This post explains business bankruptcy and helps you figure out if it’s a good idea for your business.
1. I have business debt. Do I need to file bankruptcy?
I am a sole-proprietorship. If you are a sole proprietor, you are the business. This means that the business assets are your assets, and the business debts are your debts. If you file personal bankruptcy (under Chapters 7, 13 or an individual Chapter 11 case) your business debt will be wiped out and your business creditors can’t collect from you.
I am an LLC or corporation. If you own a separate legal entity, then filing personal bankruptcy won’t wipe out your business debts. To take care of business debts, you can do a few things:
- – Negotiate with the lender to settle the debt;
- – Close your business and turn over any leftover assets to your creditors; or
- – File a business bankruptcy to reorganize your debt.
2. How do I close my business without filing a business bankruptcy?
You can close a business by filing a “dissolution” with the Minnesota Secretary of State’s office.

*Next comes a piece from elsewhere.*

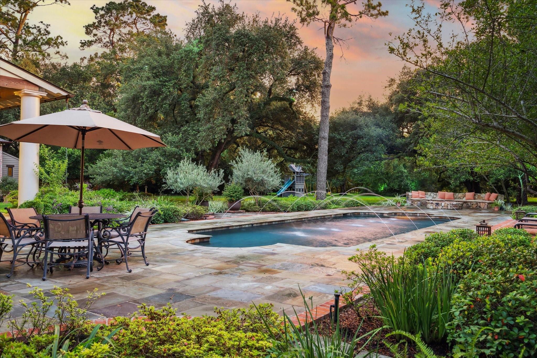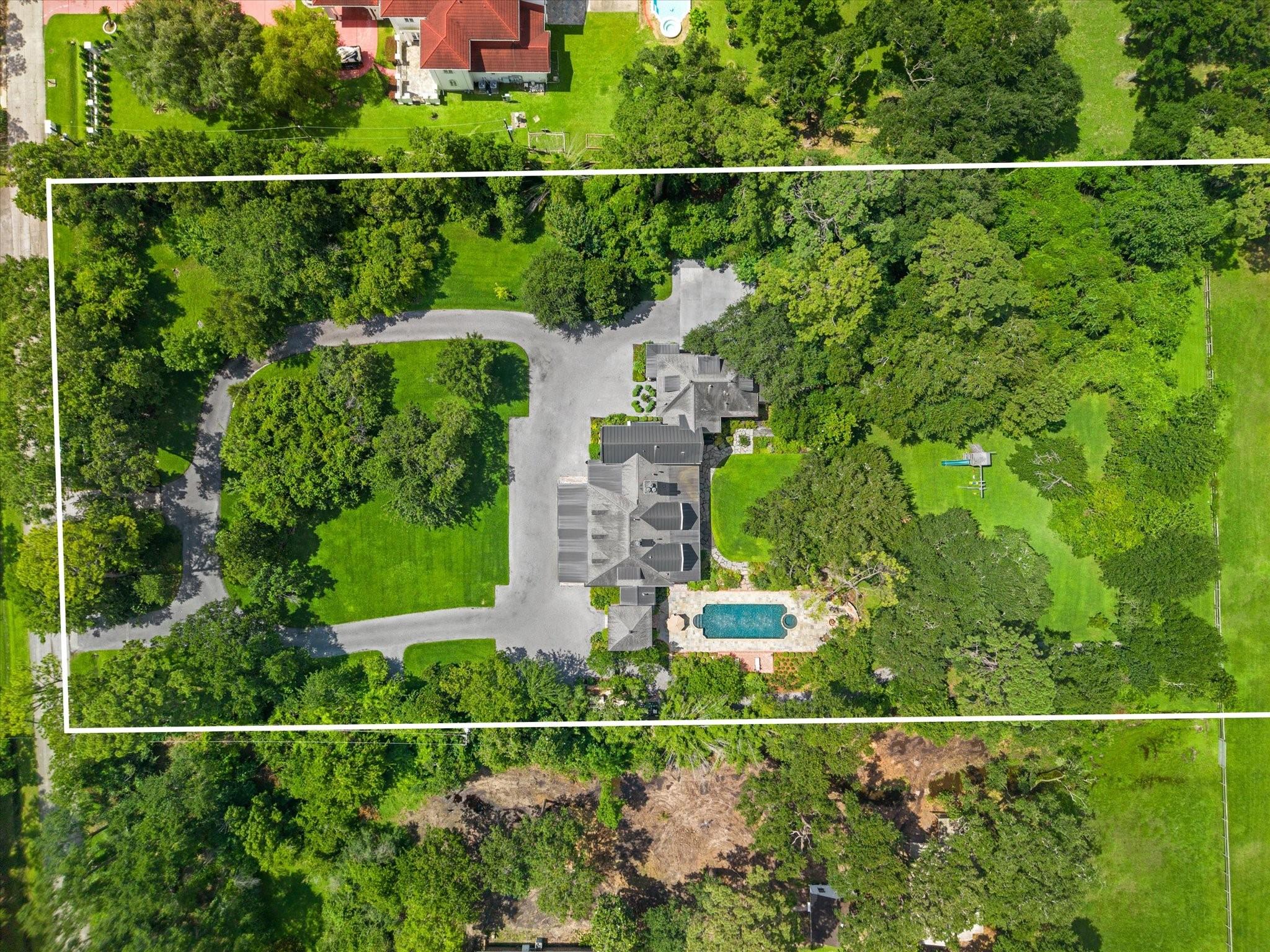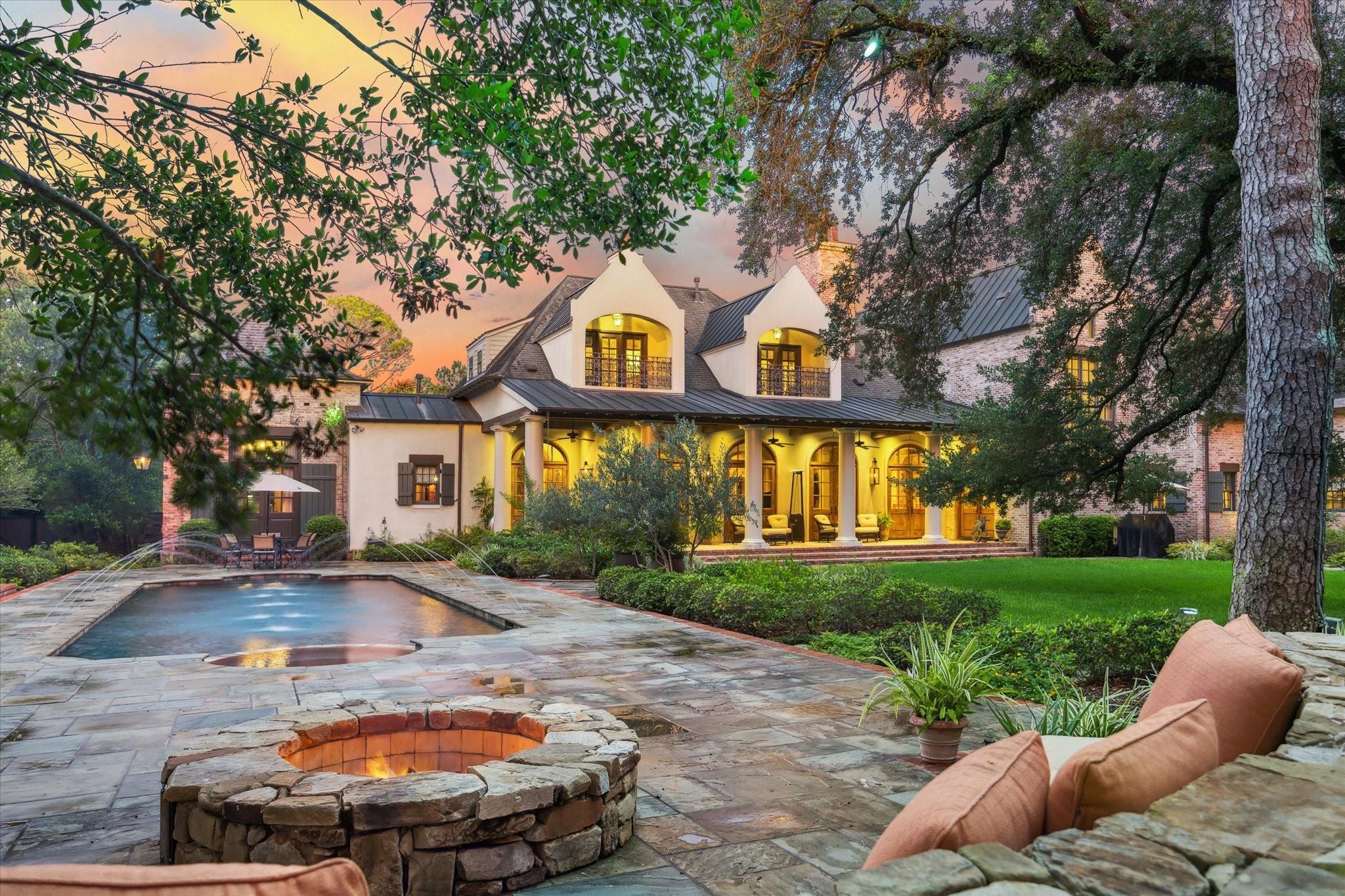 This Southern French Creole Colonial estate offers serene country living with city convenience. Designed by Robert Dame, built by Mission Contractors, with interiors by Sandy Lucas of Lucas/Eilers and custom plasterwork by Leslie Sinclair of Segreto. Set on 3.8 acres, the property features a circle drive, ample parking, pool/spa, fire pit, pasture, two climate-controlled sheds, and a whole-home generator. Inside, Venetian plaster walls, an 18th-century French limestone fireplace, and 19th-century reclaimed wood floors add timeless elegance. The main level is ideal for daily living and entertaining, with spaces centered around a piano-ready salon. Upstairs, all bedrooms have en-suite baths, and the primary suite includes a large closet and two private balconies. A rare blend of history, luxury, and comfort.

Dissolution gives notice to your creditors that you are closing up shop, and gives creditors a chance to try to collect assets before the business is wrapped up. You may be able to dissolve a business on your own, but you’ll probably want to consult an attorney first, to see if there will be any issues to watch out for.
3. Do I need to file business bankruptcy?
Generally not. If your business has lots of real estate, secured debts, or large assets, you may want to look into business bankruptcy to reorganize your debt. But most people don’t need business bankruptcy. If you have a business that’s insolvent, the dissolution process described above should be enough.
4. Are my business debts wiped out in my personal bankruptcy?
If you close a business and you have personally guaranteed the debts, the business creditors may try to collect from you after the business is closed.
Your personal liability on your business debts is erased. This means that if you default on your business debt, your creditor cannot come after you personally for that debt. On the other hand, this doesn’t prevent the creditor from collecting the business’s assets.
One other important point—if you have business debts, and a business bank account with the same creditor, your creditor probably has the right to take money directly out of your business account if you don’t pay the business debt, even after a personal bankruptcy. If you are keeping your money with a bank that is a creditor, the smart play is to move it as soon as you can.